[Available data Boundary: Start]
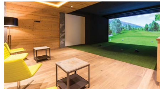
Die Sportresidenz Zillertal liegt direkt auf dem Golfplatz

Der Platz ist eine Augenweide und bietet Golfspaß auf internationalem Top-Niveau. Die Bahnen sind breit und so mutet der Platz wie ein waschechter Championship-Course an. Die riesigen Grüns sind recht tricky – im Grunde hat der Platz kaum Schwächen. Bahn 9 ist nicht nur das schwerste Loch auf dem Platz, es ist auch das schönste: Das Par 4 führt über knapp 400 Meter erst nach oben, danach kippt die Bahn bergab auf das Clubhaus zu und endet auf einem wunderbaren Inselgrün. Hier sollte man sich anstrengen: Das Grün ist von der Clubhausterrasse und fast allen Zimmern perfekt einsehbar.
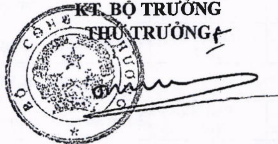
Đỗ Thắng Hải
[Available data Boundary: End]
## Exercise brief
What is needed is the exact run of lines from the start of the data through the line with "Der Platz ist", both ends included, minus the pictures.

## The answer
Die Sportresidenz Zillertal liegt direkt auf dem Golfplatz

Der Platz ist eine Augenweide und bietet Golfspaß auf internationalem Top-Niveau. Die Bahnen sind breit und so mutet der Platz wie ein waschechter Championship-Course an. Die riesigen Grüns sind recht tricky – im Grunde hat der Platz kaum Schwächen. Bahn 9 ist nicht nur das schwerste Loch auf dem Platz, es ist auch das schönste: Das Par 4 führt über knapp 400 Meter erst nach oben, danach kippt die Bahn bergab auf das Clubhaus zu und endet auf einem wunderbaren Inselgrün. Hier sollte man sich anstrengen: Das Grün ist von der Clubhausterrasse und fast allen Zimmern perfekt einsehbar.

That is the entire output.